[<prev] [next>] [<thread-prev] [thread-next>] [day] [month] [year] [list]
Message-ID: <861psofupa.wl-maz@kernel.org>
Date: Fri, 16 May 2025 16:20:49 +0100
From: Marc Zyngier <maz@...nel.org>
To: Jiaqi Yan <jiaqiyan@...gle.com>
Cc: oliver.upton@...ux.dev,
joey.gouly@....com,
suzuki.poulose@....com,
yuzenghui@...wei.com,
catalin.marinas@....com,
will@...nel.org,
pbonzini@...hat.com,
corbet@....net,
shuah@...nel.org,
kvm@...r.kernel.org,
kvmarm@...ts.linux.dev,
linux-arm-kernel@...ts.infradead.org,
linux-kernel@...r.kernel.org,
linux-doc@...r.kernel.org,
linux-kselftest@...r.kernel.org,
duenwen@...gle.com,
rananta@...gle.com,
jthoughton@...gle.com
Subject: Re: [PATCH v1 1/6] KVM: arm64: VM exit to userspace to handle SEA
On Mon, 05 May 2025 17:14:07 +0100,
Jiaqi Yan <jiaqiyan@...gle.com> wrote:
>
> When APEI fails to handle a stage2 abort that is synchrnous external
> abort (SEA),
nit: "a stage-2 synchronous external abort".
> today KVM directly injects an async SError to the VCPU
> then resumes it, which usually results in unpleasant guest kernel panic.
Which is a perfectly legal thing to do, and not a violation of the
architecture.
> One major situation of guest SEA is when vCPU consumes recoverable
> uncorrected memory error (UER). Although SError and guest kernel panic
> effectively stops the propagation of corrupted memory, there is still
> room to recover from memory UER in a more graceful manner.

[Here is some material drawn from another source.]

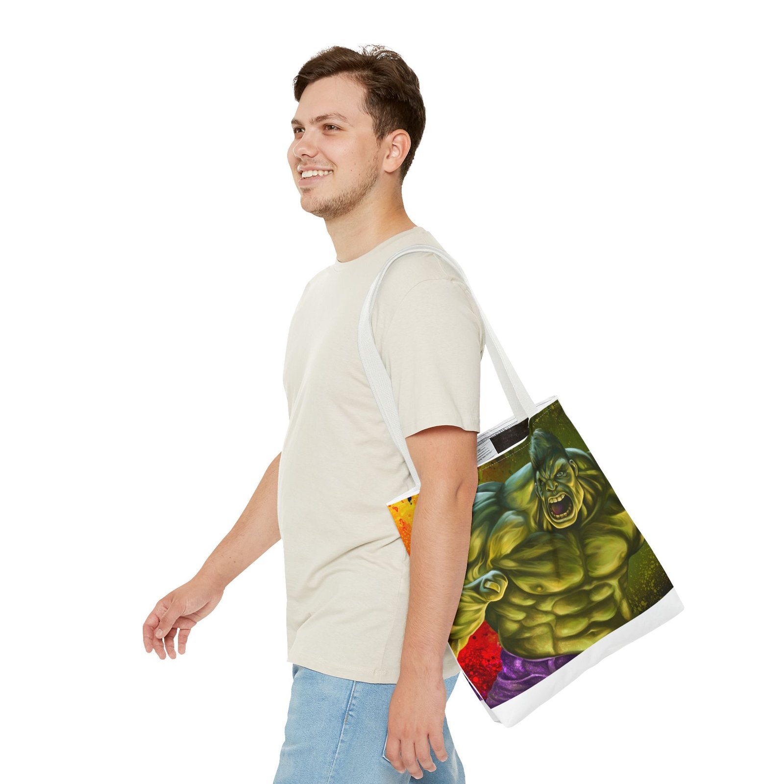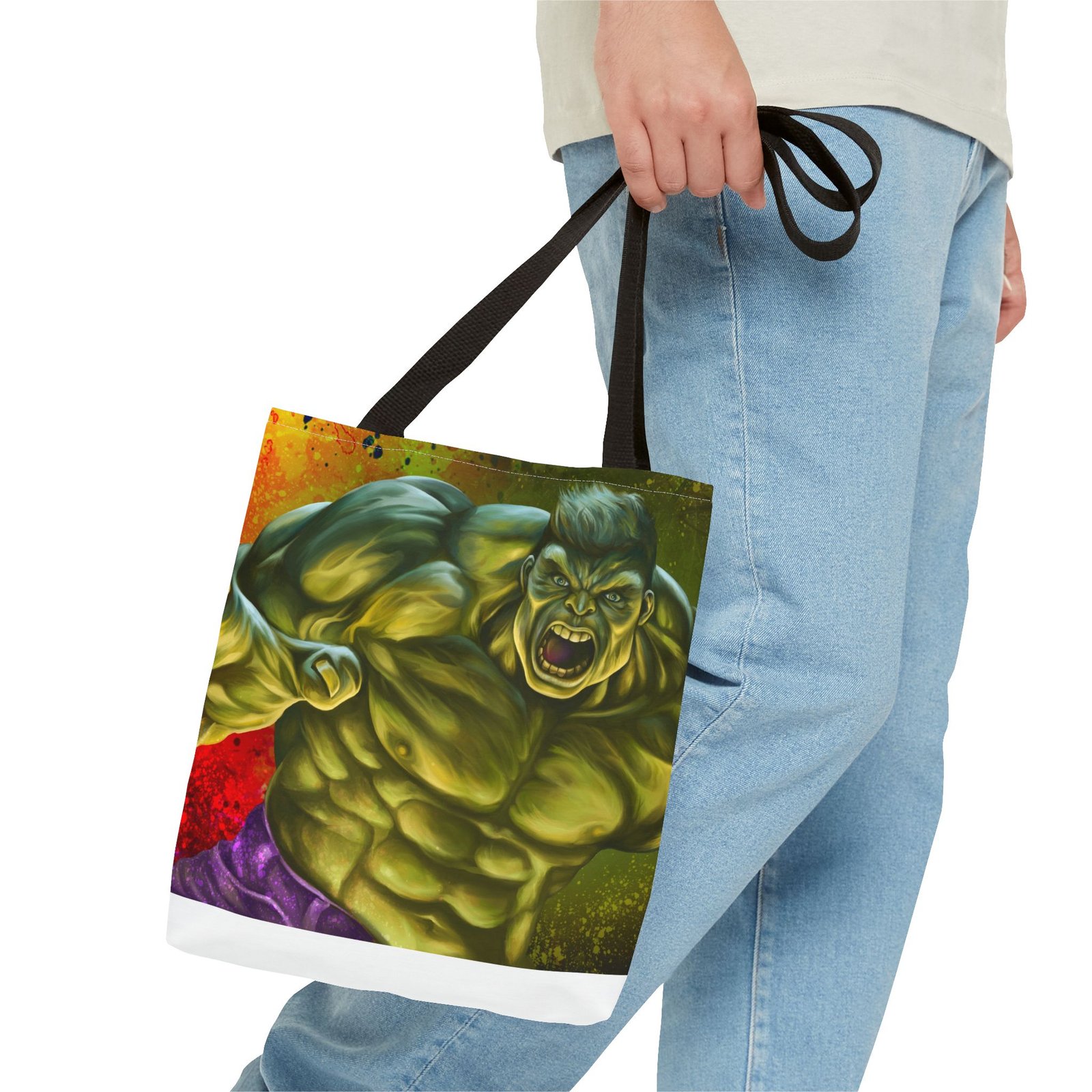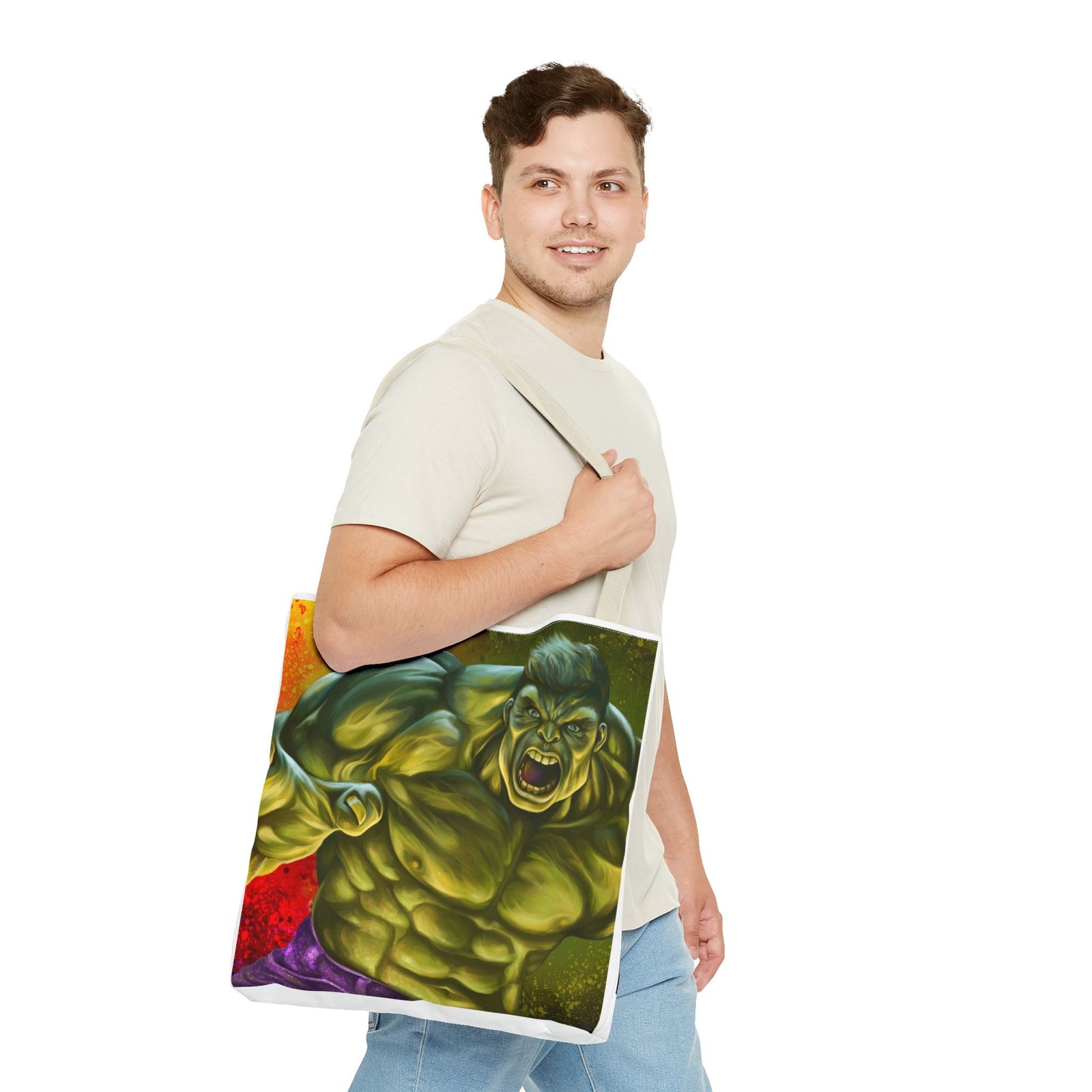Introducing a vibrant Tote Bag that perfectly blends style and utility. Made from a durable 100% polyester fabric, this bag is strong enough to withstand daily wear and tear while keeping its shape. The striking design featuring a dynamic character adds a lively touch to your outfit, making it ideal for those who love to express themselves creatively. This Tote Bag is a great choice for shoppers, students, or beachgoers, offering ample space for all your essentials with boxed corners for added capacity. Perfect for casual outings, holidays, or special occasions like birthdays and celebrations, it’s a fantastic gift for friends and family who appreciate bold and functional accessories. Elevate your everyday carry with a bag that makes a statement!

"there is room to recover from an UER..."
>
> Alternatively KVM can redirect the synchronous SEA event to VMM to
> - Reduce blast radius if possible. VMM can inject a SEA to VCPU via
> KVM's existing KVM_SET_VCPU_EVENTS API. If the memory poison
> consumption or fault is not from guest kernel, blast radius can be
> limited to the triggering thread in guest userspace, so VM can
> keep running.
> - VMM can protect from future memory poison consumption by unmapping
> the page from stage-2 with KVM userfault [1]. VMM can also
> track SEA events that VM customer cares about, restart VM when
> certain number of distinct poison events happened, provide
> observability to customers [2].
>
> Introduce following userspace-visible features to make VMM handle SEA:
> - KVM_CAP_ARM_SEA_TO_USER. As the alternative fallback behavior
> when host APEI fails to claim a SEA, userspace can opt in this new
> capability to let KVM exit to userspace during synchronous abort.

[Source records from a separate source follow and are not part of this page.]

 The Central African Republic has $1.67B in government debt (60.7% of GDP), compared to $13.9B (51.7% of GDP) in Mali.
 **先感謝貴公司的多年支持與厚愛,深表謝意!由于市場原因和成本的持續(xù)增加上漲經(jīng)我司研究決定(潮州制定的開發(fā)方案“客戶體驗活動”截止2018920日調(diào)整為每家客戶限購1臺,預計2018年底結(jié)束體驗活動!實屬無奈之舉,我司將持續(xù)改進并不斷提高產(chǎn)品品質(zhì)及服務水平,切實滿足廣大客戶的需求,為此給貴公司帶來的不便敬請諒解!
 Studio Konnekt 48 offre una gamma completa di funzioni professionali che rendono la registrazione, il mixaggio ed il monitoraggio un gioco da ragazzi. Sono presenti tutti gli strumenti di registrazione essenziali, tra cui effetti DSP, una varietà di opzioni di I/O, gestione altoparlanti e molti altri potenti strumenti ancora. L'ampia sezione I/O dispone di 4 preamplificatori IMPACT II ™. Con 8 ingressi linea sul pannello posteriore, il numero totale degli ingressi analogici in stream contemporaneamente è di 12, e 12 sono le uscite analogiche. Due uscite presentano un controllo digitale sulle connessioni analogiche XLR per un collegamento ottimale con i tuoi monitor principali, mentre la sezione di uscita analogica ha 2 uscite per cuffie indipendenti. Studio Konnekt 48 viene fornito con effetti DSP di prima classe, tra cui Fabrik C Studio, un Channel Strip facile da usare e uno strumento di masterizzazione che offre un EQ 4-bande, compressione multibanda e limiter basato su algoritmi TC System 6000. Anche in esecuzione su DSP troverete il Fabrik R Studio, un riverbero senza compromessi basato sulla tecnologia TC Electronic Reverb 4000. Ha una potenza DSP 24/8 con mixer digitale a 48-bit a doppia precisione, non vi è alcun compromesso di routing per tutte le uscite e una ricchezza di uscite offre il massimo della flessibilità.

> - KVM_EXIT_ARM_SEA. A new exit reason is introduced for this, and
> KVM fills kvm_run.arm_sea with as much as possible information about
> the SEA, including
> - ESR_EL2.
> - If faulting guest virtual and physical addresses are available.

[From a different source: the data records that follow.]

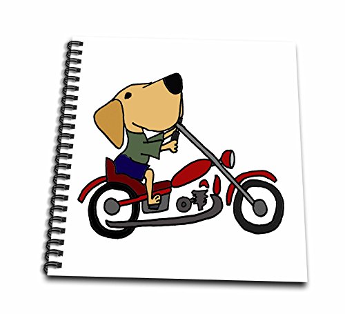 3dRose db_201826_1 Fun Yellow Labrador Retriever Dog Riding Red Motorcycle Drawing Book, 8" x 8"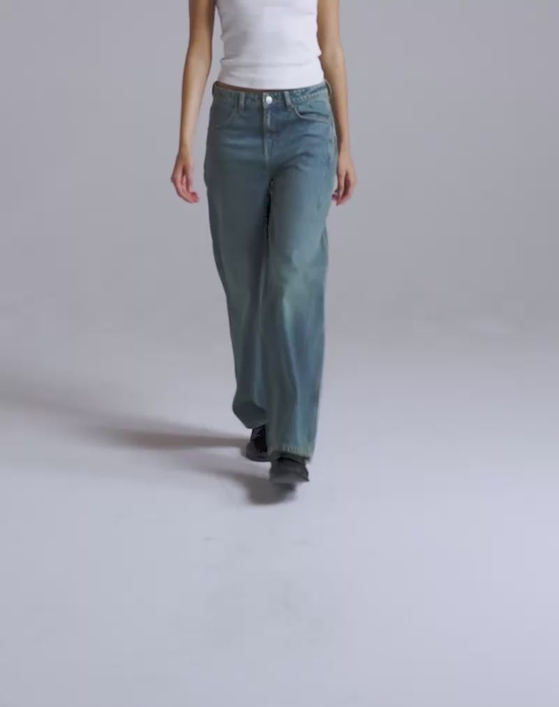 Low rise style with an extra wide, baggy oversized fit featuring a concealed zip with button fastening and belt loops, in a vintage blue green. Complete the look with grey marl Clio baggy tee.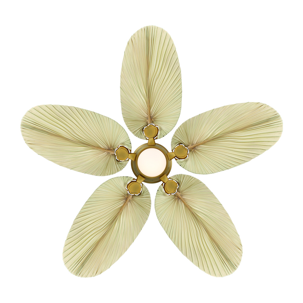 Featuring a Heritage Brass finish with Natural Palm blades and Etched Opal shade.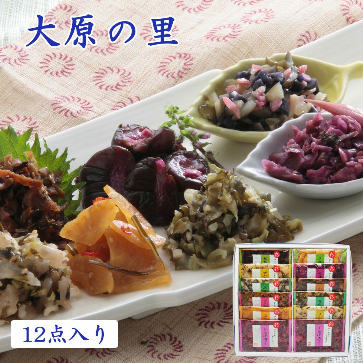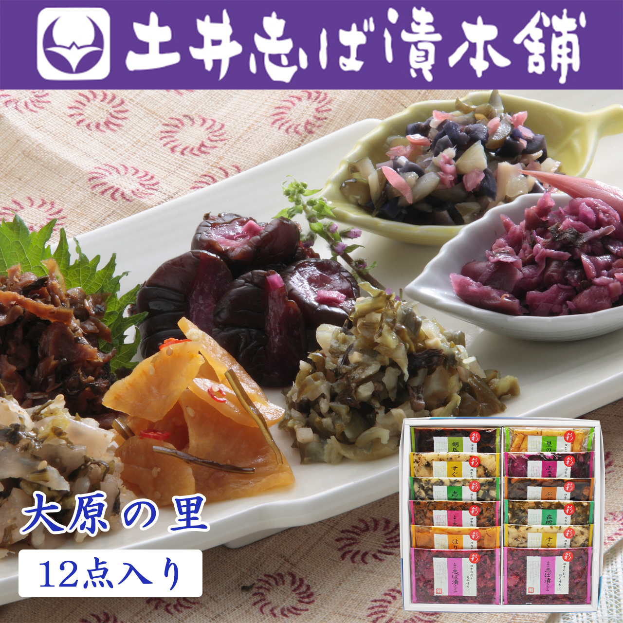 | 詰合せ内容 | 10種12点入 | 志ば漬きざみ×2・すぐききざみ×2・志そ漬きゅうり・胡瓜からし漬・志ば漬醤油味・はりはり漬・ぶぶ漬しぐれ・在所漬きざみ・志そ風味漬・里のごぼう(各40g) |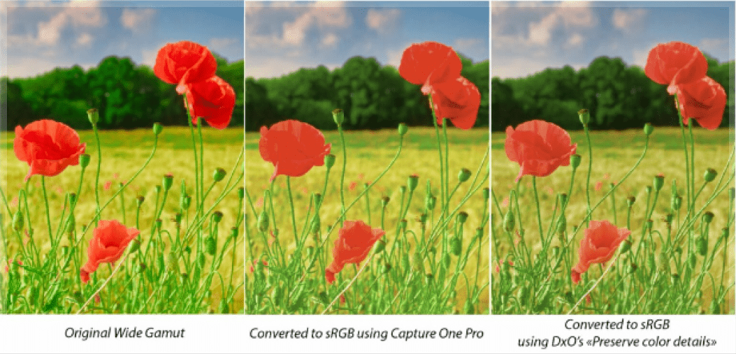 Daher bleiben mit DxO Wide Gamut alle Tonwerte und Details erhalten, wenn diese Farben nach der Bearbeitung schließlich als Ausgabefarben dargestellt werden.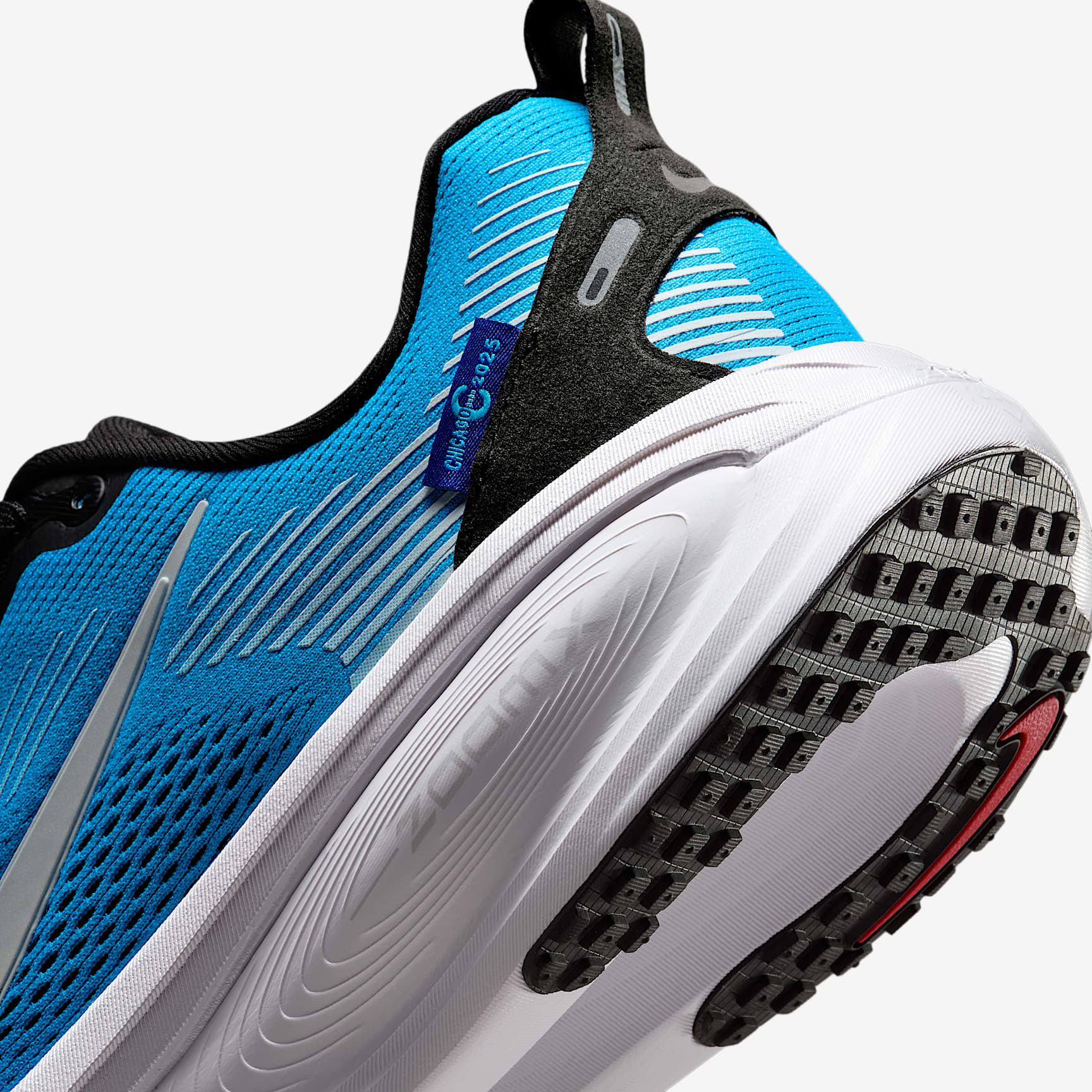 Maximum cushioning in the Nike Vomero 18 provides a comfortable ride for everyday runs. Experience optimal comfort with lightweight ZoomX foam stacked on top of responsive ReactX foam in the midsole. And a redesigned traction pattern offers a smooth heel-to-toe transition. Engineered Mesh Upper The upper is made of engineered mesh, which offers soft breathability. Dual-Density Midsole Our dual-density midsole sports ZoomX foam stacked on top of ReactX foam, 13% more responsive than previous React technology, for a comfortable ride. Podular Outsole We placed pods around the outsole to help enhance agility and smoother heel-to-toe transitions. Plush Tongue A plush tongue and lining give you a comfortably snug feel. What's New? Newly stacked foam midsole with premium ZoomX on top of ReactX foam amplifies cushioned comfort. Product Details * Weight: Approx. 325 g/11.5 oz (Men's US 10) * Heel-to-toe drop: 10 mm * MR-10 Last - Our best, most consistent fit * Reflective details * Not intended for use as Personal Protective Equipment (PPE)

> - Faulting guest virtual address if available.
> - Faulting guest physical address if available.
>
> [1] https://lpc.events/event/18/contributions/1757/attachments/1442/3073/LPC_%20KVM%20Userfault.pdf
> [2] https://cloud.google.com/solutions/sap/docs/manage-host-errors
I really don't think we need these link in a commit message (they are
likely to vanish, specially the second one). Either the information is
pertinent and it needs to be added to the commit message, or removed
altogether. I don't think the SAP thing makes much sense as is.
>
> Signed-off-by: Jiaqi Yan <jiaqiyan@...gle.com>
> ---
> arch/arm64/include/asm/kvm_emulate.h | 12 +++++++
> arch/arm64/include/asm/kvm_host.h | 8 +++++
> arch/arm64/include/asm/kvm_ras.h | 21 ++++-------
> arch/arm64/kvm/Makefile | 3 +-
> arch/arm64/kvm/arm.c | 5 +++
> arch/arm64/kvm/kvm_ras.c | 54 ++++++++++++++++++++++++++++
> arch/arm64/kvm/mmu.c | 12 ++-----
> include/uapi/linux/kvm.h | 11 ++++++
> 8 files changed, 101 insertions(+), 25 deletions(-)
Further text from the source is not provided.